Matematyka pojawia się również przy określaniu zawartości cukru w owocach, alkoholu, syropach czy dżemach. Za pomocą sacharymetru (albo refraktometru) oszacować można stosunek wagi cukru do wody.
Wynik podawany jest w skali Brix, np. 25 Bx oznacza, że na 100 g roztworu przypada 25 g cukru i 75 g wody. Kto z takich wyliczeń korzysta?
- To informacja przydatna np. przy produkcji lodów owocowych, w których wykorzystywane są świeże owoce. Słodkość truskawki bywa różna, dlatego w zależności od wyników pomiaru do niego dostosowuje się ewentualne zmiany w recepturze, by osiągnąć zamierzony smak - mówi Szczepański.
A co robi profesjonalista, który zamiast jednego sernika na rodzinny niedzielny podwieczorek musi przygotować ich dziesięć na przyjęcie?
- Przekładanie domowych przepisów na większą produkcję uda się, jeśli będziemy przestrzegać procentowych proporcji składników. Wpływają one na strukturę, zachowanie świeżości, wilgotność i smak produktu - mówi cukiernik Dawid Makurat.
Niezależnie od wielkości porcji np. ilość drożdży, proszku do pieczenia czy cukru w ujęciu procentowym będzie taka sama
Procenty mogą też uratować sytuację, gdy wiemy, o ile ubędzie składnika podczas obróbki termicznej. Przy pieczeniu ciast to ok. 10 proc. O tyle trzeba więc zwiększyć udział danego produktu.
Przydają się również przy rozpisywaniu receptury, by dobrze dobrać ilość składników do zamierzonego udziału poszczególnych elementów, np. kiedy chcemy, by w kilogramowym torcie biszkopt zajął 30-40 proc. (to dużo), a pozostałą część stanowiły galaretka, owoce i krem. Pomocne, bo w zależności od regionu Polski miłośnicy wypieków mają różne upodobania, np. z mniejszą lub większą zawartością ciasta.

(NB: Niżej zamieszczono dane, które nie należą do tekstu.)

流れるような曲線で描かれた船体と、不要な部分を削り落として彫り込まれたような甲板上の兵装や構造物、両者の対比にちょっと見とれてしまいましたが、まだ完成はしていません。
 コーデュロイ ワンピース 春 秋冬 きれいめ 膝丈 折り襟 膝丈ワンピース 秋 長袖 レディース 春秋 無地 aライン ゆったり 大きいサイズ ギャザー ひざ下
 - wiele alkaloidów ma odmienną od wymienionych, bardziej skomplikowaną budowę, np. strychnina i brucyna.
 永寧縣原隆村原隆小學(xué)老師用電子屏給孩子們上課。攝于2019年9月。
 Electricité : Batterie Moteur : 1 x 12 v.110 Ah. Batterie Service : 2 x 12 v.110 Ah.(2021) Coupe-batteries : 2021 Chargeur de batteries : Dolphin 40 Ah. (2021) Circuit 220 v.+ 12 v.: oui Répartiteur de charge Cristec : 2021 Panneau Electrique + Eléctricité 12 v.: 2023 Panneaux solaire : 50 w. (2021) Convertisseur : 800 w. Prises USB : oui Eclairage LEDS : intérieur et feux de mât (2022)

Przygotowanie kremu to lekcja fizyki i matematyki w jednym. Zasady ubijania śmietany są jak algorytm. Produkt: śmietana 36 proc. (idealna zawartość tłuszczu), schłodzona - od 0 do 3 stopni C, ubijanie - do trzech czwartych maksymalnej możliwości jej napowietrzenia.

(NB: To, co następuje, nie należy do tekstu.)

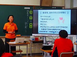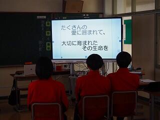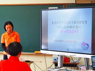 毎年、都於郡中では、2年生の3学期の性に関する教育を立志式後の時期に「命の尊さ」についての学習で計画しています。本年度も、宮崎助産師の会の【か母ちゃっ子くらぶ】様に来ていただきました。
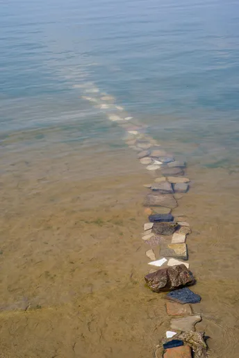 估计是冬天江水浅的时候,有心人用碎石块铺就的一条垫脚石路,弯弯的从岸边到江心,现在春天了,水势上涨,淹没了石块,但依然清晰可辨,也许那时候是一对父子来到江边玩耍,又或者是一对可爱的恋人,到底是谁铺就的呢?也许只有这一排碎石块知道,这里曾经发生的欢笑和美好,时光匆匆,逝去的只是时光,那一段美好的回忆一定已经被人珍藏!
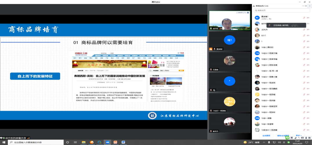 4月25日上午,南京理工大学知识产权学院徐升权教授为全校师生做了一场题为《新时期商标品牌的培育与保护》的“知识产权宣传周”专题讲座。本次讲座对于建立健全重点商标保护名录制度以及充分发挥集体商标、证明商标制度等予以重视和推进都起到了重要的作用。
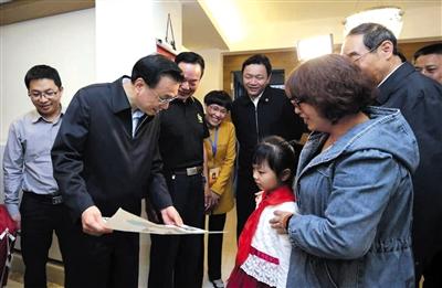 23日,福州市红星苑小区拆迁户黄金权邀请到访的总理做客新家。图/中国政府网
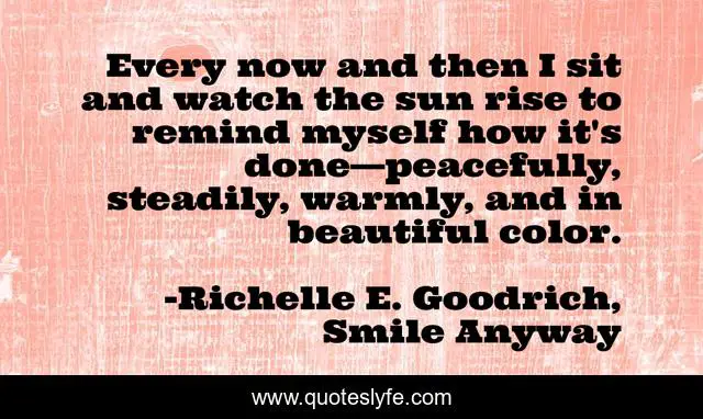 This page presents the quote "Every now and then I sit and watch the sun rise to remind myself how it's done—peacefully, steadily, warmly, and in beautiful color.". Author of this quote is Richelle E. Goodrich, Smile Anyway. This quote is about advance, perform, move-ahead, accomplishments, richelle, achieve, progress, richelle-goodrich, sunrise,.
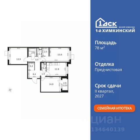 БЕЗ ПЕРВОНАЧАЛЬНОГО ВЗНОСА! ТОЛЬКО 4 ДНЯ ДО 10.02 • Дополнительная скидка 10% • Ставка 10% по стандартной ипотеке для всех без наценок • Ставка 3,5% по семейной ипотеке Успейте купить выгодно! Прямая продажа от застройщика! Жилой Комплекс класса Комфорт. Продаётся 2-к квартира номер 40 общей площадью 46 кв.м. на 4-м этаже 17 этажного здания. Отделка Whitebox. Цена с учётом скидки. Особенности квартиры: - Угловая планировка - больше пространства для ваших идей. - Окно в ванной - натуральное освещение для уюта и комфорта. - Увеличенное количество окон - дополнительное освещение и свежий воздух. - Раздельный санузел - больше удобства для всех членов семьи. - Евроформат - просторное и удобное жилье с отличной планировкой. - Линейная кухня - функциональность и практичность в одном решении. - Гардеробная - удобство для хранения и организации вещей. - Ниша под шкаф - компактное и удобное место для вещей. - Лоджия - уютное место для отдыха и тишины. Квартира с предчистовой отделкой (White box). Вам не придется заниматься черновыми и трудоёмкими работы, а чистовую отделку и дизайн - сделайте на свой вкус. Информация о комплексе: Квартал класса комфорт плюс, где современное городское пространство граничит с удивительной природой вокруг. 1-й Химкинский расположен на территории в 102 га и органично вписан в природное окружение Химкинского леса и канала им. Москвы. В проекте предусмотрена богатая коммерческая инфраструктура с собственным торговым центром, общеобразовательные учреждения и социальные объекты. Изюминкой жилого комплекса будут спортивно-оздоровительный комплекс с термами и SPA и семейный парк развлечений. Транспортная доступность: ЖК "1-й Химкинский" дает возможность выбрать любой способ передвижения как до города, так и до самых разных объектов, которые могут представлять интерес для его жителей. Не важно, какой способ передвижения вы предпочитаете, успевать всегда и везде можно вне зависимости от выбора транспорта. - 8 мин. пешком (800 м) до остановки "Золотая Арка" -10 мин пешком (1 км) до остановки "Поворот на Ивакино" Внутренняя инфраструктура: - Безопасность: закрытые дворы без машин, безбарьерная среда и сквозные подъезды, камеры на детских площадках с возможностью трансляции на смартфоне - Идеальный отдых в кругу семьи: семейный парк развлечений на территории, торговый центр (2-х этажный) общей площадью более 8 тыс. кв. м с фудкортом - Образование: 3 детских сада и современная муниципальная школа на 2450 мест - Спортивная среда: закольцованный веломаршрут с навигацией, спортивный комплекс с термами, закрытый тренажерный зал и зоны ворк-аута - Социальные объекты: поликлиника со станцией скорой помощи, пожарное депо - Подземный паркинг и кладовые помещения на -1 этаже, станция техобслуживания и автомойка на территории
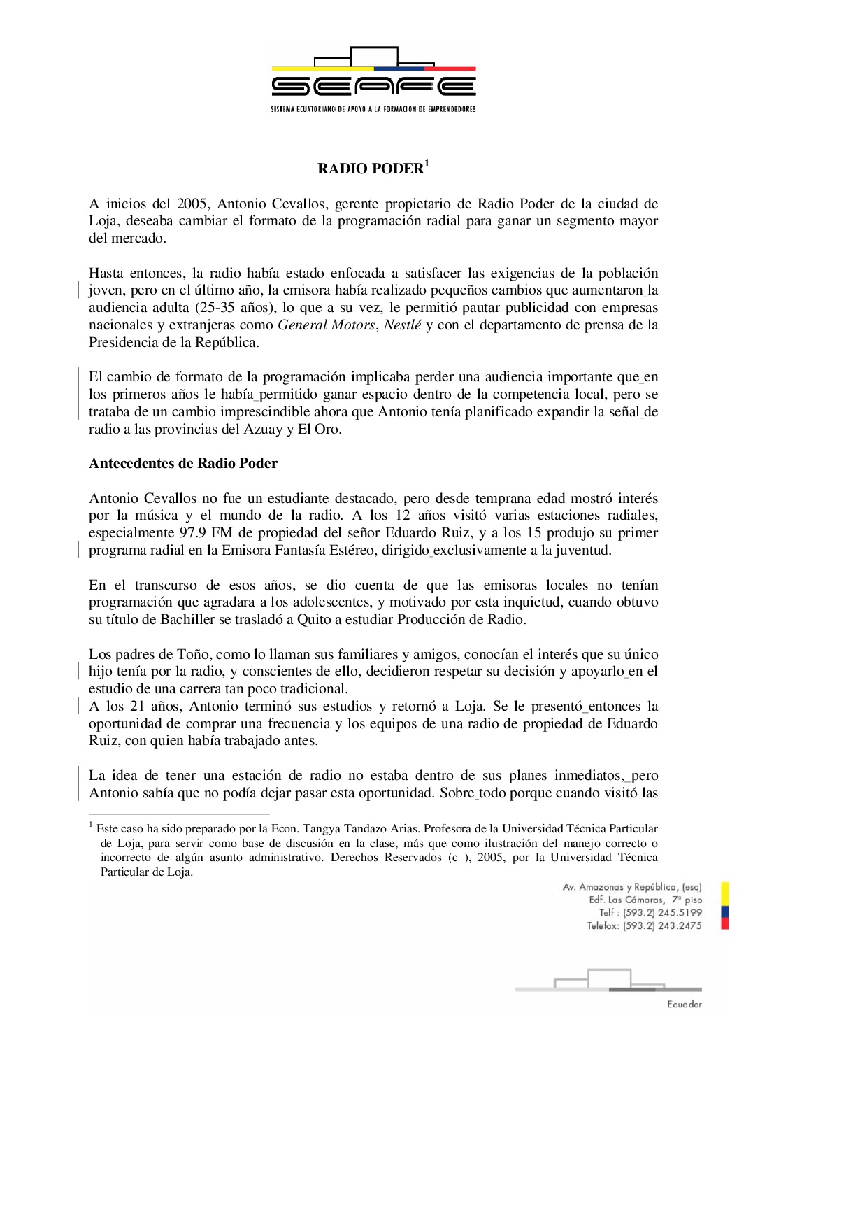 En el marco del Proyecto de Erradicación del Trabajo Infantil en Ecuador y Panamá, se propone dise
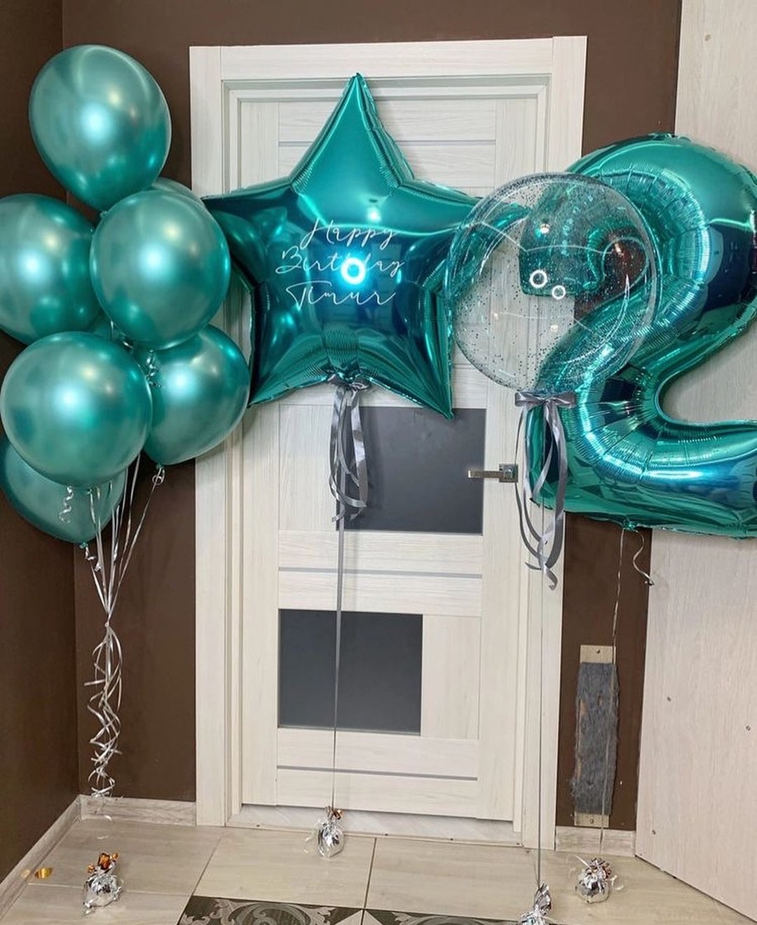Фольгированная цифра 2 тиффани на грузике.

Natomiast podczas pieczenia korzystamy głównie z umiejętności dodawania i odejmowania. Złota zasada: „produkt cienki - w wysokiej temperaturze, krótko; ciasto grube - w niższej, dłużej”, czasem może nie wystarczyć. Wszystko zależy od rodzaju pieca. Tradycyjne wartości pieczenia podawane są zwykle dla piekarników konwekcyjnych.
- Jeśli mamy do dyspozycji piec wsadowy, ten sam produkt będzie wymagał 10-15 stopni więcej - tłumaczy Szczepański.
Przydaje się też wiedza z lekcji geometrii, szczególnie podczas planowania warstw ciasta i jego dekorowania. Zanim powstanie w rzeczywistości, najpierw schemat deseru cukiernicy rozrysowują na kartce. To pomaga im przekonać się, czy poszczególne elementy mieszczą się, ile miejsca zajmują, czy pasują do siebie. W przypadku piętrowych konstrukcji (np. tortu weselnego) i mas do ich udekorowania (np. ciężkich marcepanowych) cukiernik musi precyzyjnie wyliczyć, jak skomponować poszczególne piętra, by nie zapadały się pod ciężarem kolejnych.
Ale może być też odwrotnie, kiedy to sztuka pieczenia służy matematyce. Na co dzień udowadnia to dr Eugenia Cheng, brytyjska matematyczka wykładająca w School of the Art Institute w Chicago.
- Pewnego dnia podczas trudnego wykładu jeden z moich studentów powiedział: niech pani wyjaśni to nam za pomocą ciasteczek Oreo. Metafora pasowała do tematu i nagle wszyscy zrozumieli, o czym mowa. Zdałam sobie wtedy sprawę, że mogę tłumaczyć wszystko w matematyce za pomocą kulinarnych analogii - opowiadała Cheng w „Guardianie”.
Matematyczka poszła za ciosem i napisała na ten temat książkę. „How to bake Pi. Easy recipes for understanding complex maths” ("Jak upiec pi. Proste przepisy na zrozumienie złożonej matematyki”) szybko stała się międzynarodowym bestsellerem, a jej lekcje matematyki (często przy pieczeniu ciasta) na YouTubie obejrzano ponad milion razy.